RECORDS FOR THIS EXERCISE:

————————

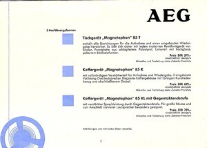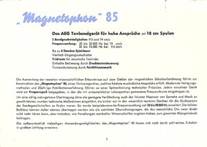 Von 1951 eine gedruckte, 8 seitige Broschüre (Original) für AEG Magnetophon 85 T, 85 K, 85 KL in deutsch. Technische Daten, Vorzüge und die Differenzierung der 3 Typen sind ausführlich beschrieben.
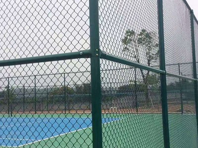 球场围网高度常见3.5-4米,多使用勾花网作为围栏本身。网片四周加边框,网片和边框通过钢筋和U型卡固定。高度超过2米的护栏,需要做成两层叠加的样式达到球场围栏网的使用要求。体育场护栏的立柱和边框网片通过耳朵连接。球场围栏网的样式、高度、强度、使用年限均能满足足球场、篮球场、排球场等体育场的围网要求。
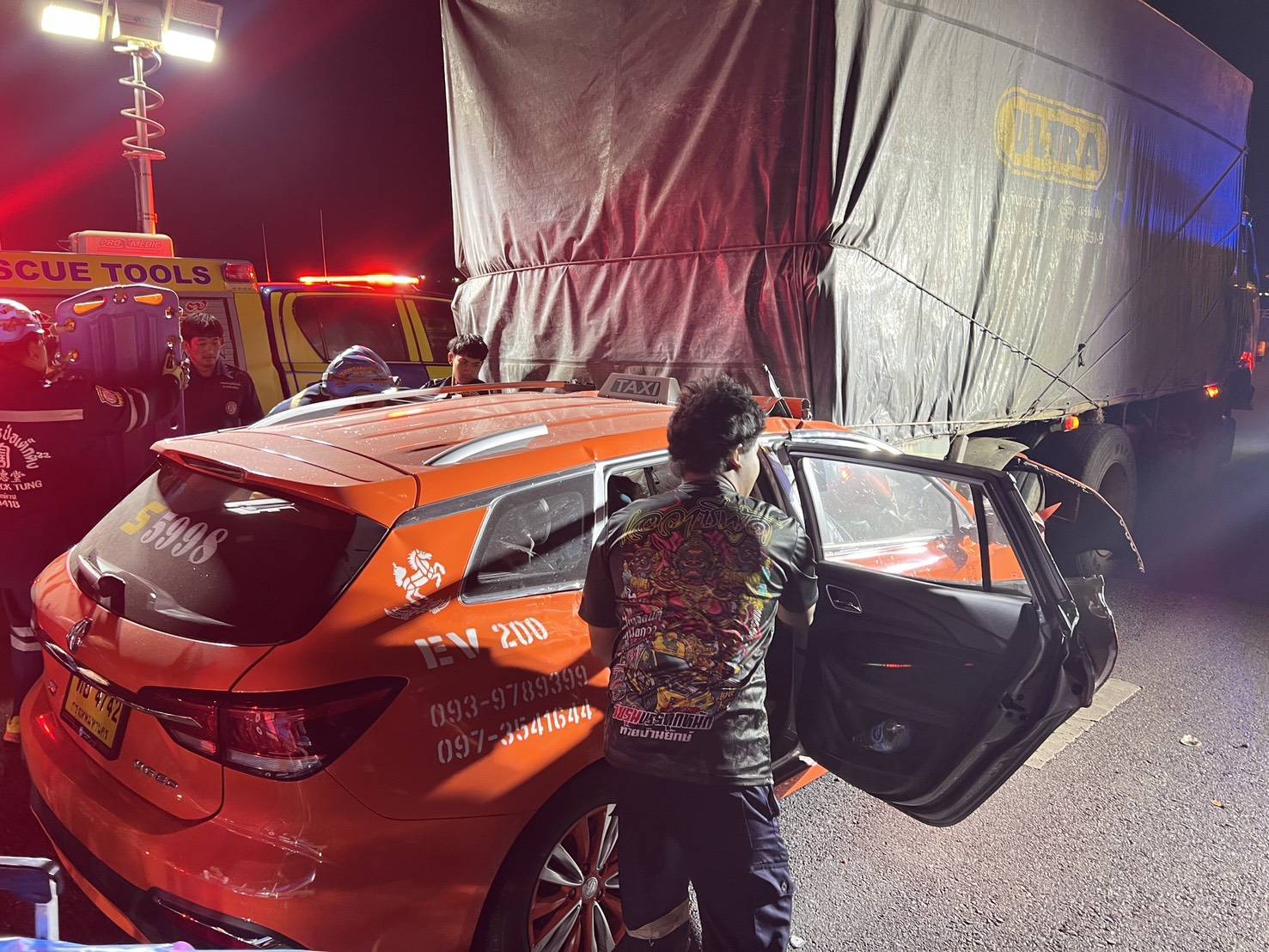 ที่เกิดเหตุพบรถแท็กซี่มิเตอร์ สีส้ม ชนท้ายรถบรรทุก 10 ล้ออย่างรุนแรง ภายในรถแท็กซี่พบผู้เสียชีวิต 3 ราย
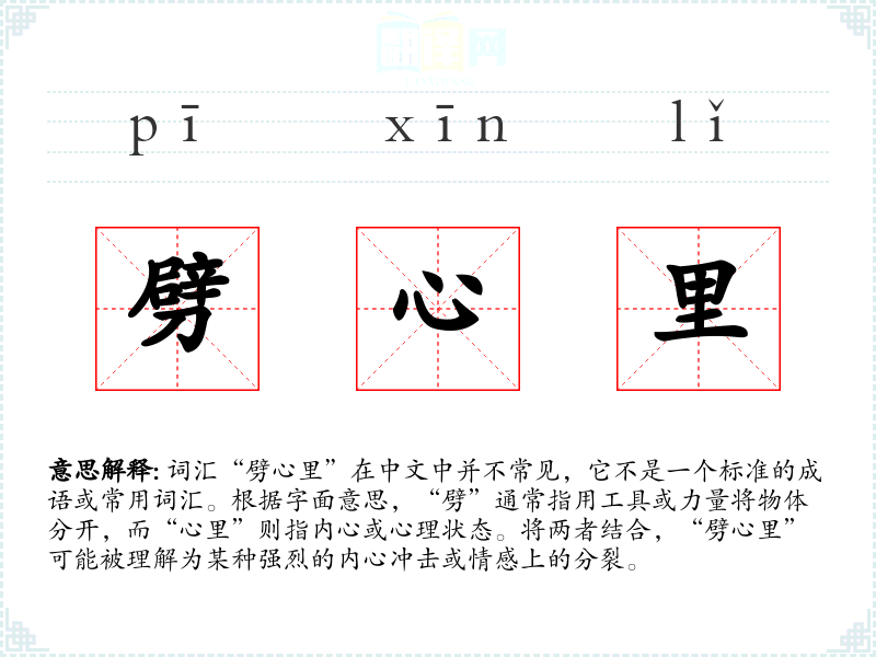 词汇“劈心里”在中文中并不常见,它不是一个标准的成语或常用词汇。根据字面意思,“劈”通常指用工具或力量将物体分开,而“心里”则指内心或心理状态。将两者结合,“劈心里”可能被理解为某种强烈的内心冲击或情感上的分裂。
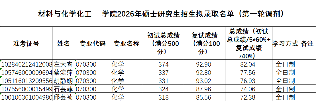 材化学院2026年硕士研究生招生拟录取名单-化学专业(第一轮调剂)
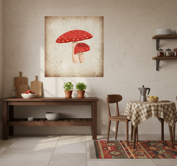 Transforma tu espacio con el Poster cocina ilustración de hongo amanita, una pieza decorativa que inspira creatividad y alegría. Este póster no solo embellece las paredes, sino que también aporta un aire fresco y natural a tu cocina, convirtiéndola en un lugar donde la gastronomía y el arte se encuentran. ¡Deja que esta ilustración hable de tu estilo personal y brinde un ambiente acogedor a tus reuniones!
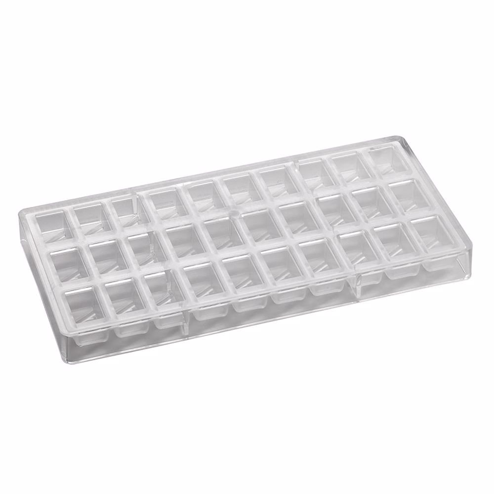 Traditsioonilised pralineevormid, mille mõõdud 275×135 mm, vormis 30 süvendit mõõtudega 32x19x16 mm, ca 10 gr.

————————

EXERCISE INSTRUCTIONS: Pictures stay out. Transcribe the lines from the start of the entries above through the line with "球场围网高度常见3.5-4米", exactly.

SOLVED PROBLEM:
 Von 1951 eine gedruckte, 8 seitige Broschüre (Original) für AEG Magnetophon 85 T, 85 K, 85 KL in deutsch. Technische Daten, Vorzüge und die Differenzierung der 3 Typen sind ausführlich beschrieben.
 球场围网高度常见3.5-4米,多使用勾花网作为围栏本身。网片四周加边框,网片和边框通过钢筋和U型卡固定。高度超过2米的护栏,需要做成两层叠加的样式达到球场围栏网的使用要求。体育场护栏的立柱和边框网片通过耳朵连接。球场围栏网的样式、高度、强度、使用年限均能满足足球场、篮球场、排球场等体育场的围网要求。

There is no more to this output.